Water Contamination By Synthetic Dyes And Pathogenic Microorganisms Poses A Critical Global Health Challenge That Conventional Treatment Technologies Address Inadequately. This Study Reports The Synthesis And Systematic Characterization Of Ternary Nanocomposite Films Comprising Chitosan (CS), Zinc Oxide Nanoparticles (ZnO NPs), And Graphene Oxide (GO) For Concurrent Photocatalytic Dye Degradation And Broad-spectrum Antimicrobial Activity.

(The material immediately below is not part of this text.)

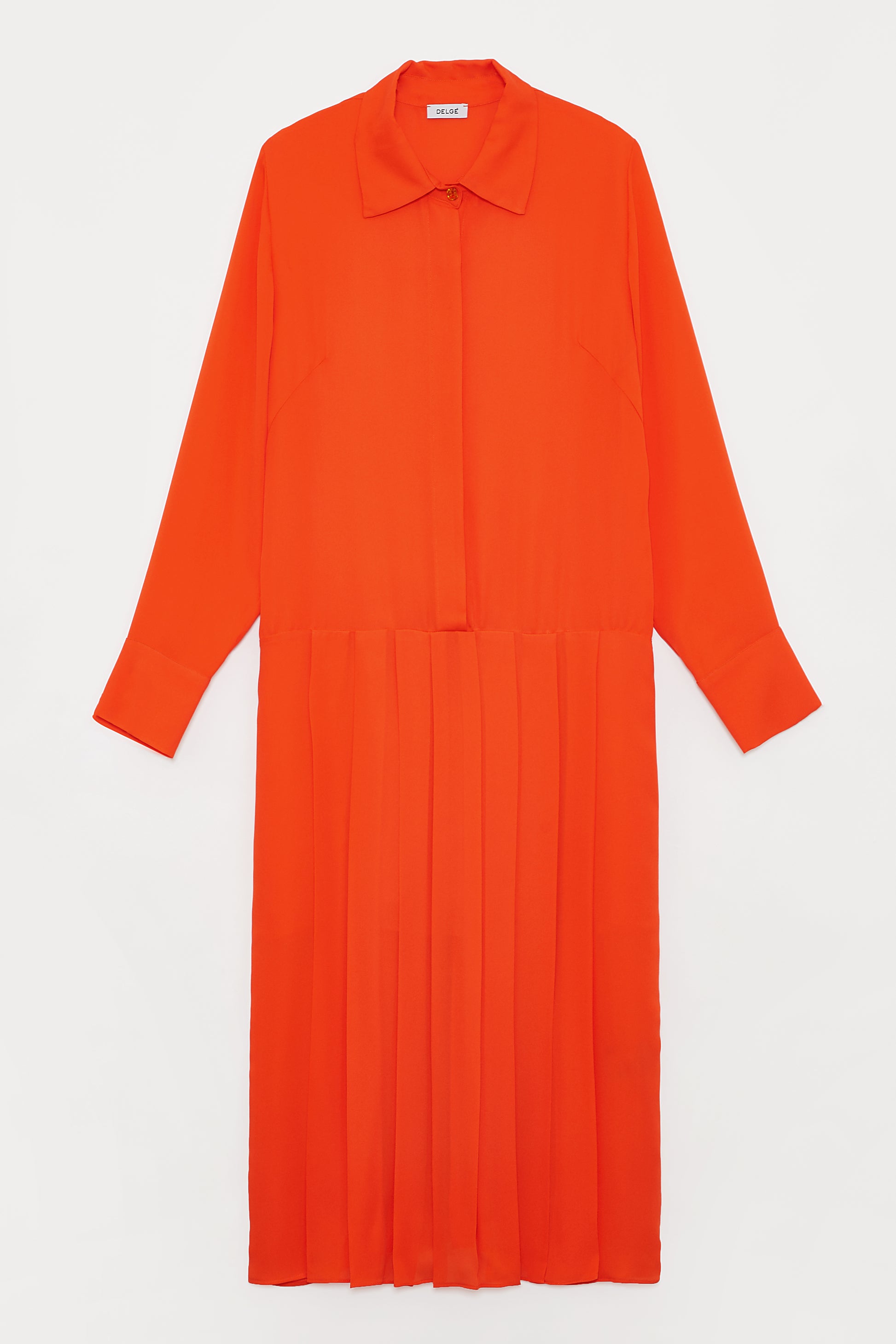 This lovely shirt-type dress, made of 100% silk georgette, is made for you to swish about your day. It is neatly pleated so it will flow elegantly with every move.

ZnO NPs Were Prepared By Wet Chemical Co-precipitation And GO By The Modified Hummers Method; Films Were Fabricated By Solution Casting And Designated CS, CS/ZnO, And CS/ZnO/GO. X-ray Diffraction (XRD) Confirmed The Hexagonal Wurtzite Structure Of ZnO And Successful Three-phase Integration Without Structural Transformation. Fourier Transform Infrared (FTIR) Spectroscopy Revealed Molecular-level Chemical Interactions, Including A Zn–O Stretching Shift (435 → 480 Cm⁻¹) And Disappearance Of The GO Carboxyl Peak At 1718 Cm⁻¹, Evidencing Covalent And Hydrogen Bonding Throughout The Composite Matrix. Scanning Electron Microscopy (SEM) Demonstrated That GO Nanosheets Serve As Two-dimensional Scaffolds That Homogeneously Disperse ZnO NPs And Suppress Agglomeration. The CS/ZnO/GO Ternary Film Exhibited The Highest Zones Of Inhibition Against All Tested Bacteria (E. Coli, P. Aeruginosa, B. Subtilis, S. Aureus) And Pathogenic Fungi (Aspergillus Niger, Aspergillus Flavus, Candida Albicans). Photocatalytic Degradation Of Rhodamine B Under Solar Irradiation Followed Pseudo-first-order Kinetics (R² > 0.98), Confirming Efficient Dye Mineralization. These Results Establish CS/ZnO/GO Nanocomposite Films As Highly Promising Multifunctional Platforms For Antimicrobial Packaging And Wastewater Remediation.

Published:

22-4-1-2026

Issue:

Vol. 26 No. 4-1 (2026)

Page Nos:

726-731

Section:

Articles

License:

This work is licensed under a Creative Commons Attribution-NonCommercial-NoDerivatives 4.0 International License.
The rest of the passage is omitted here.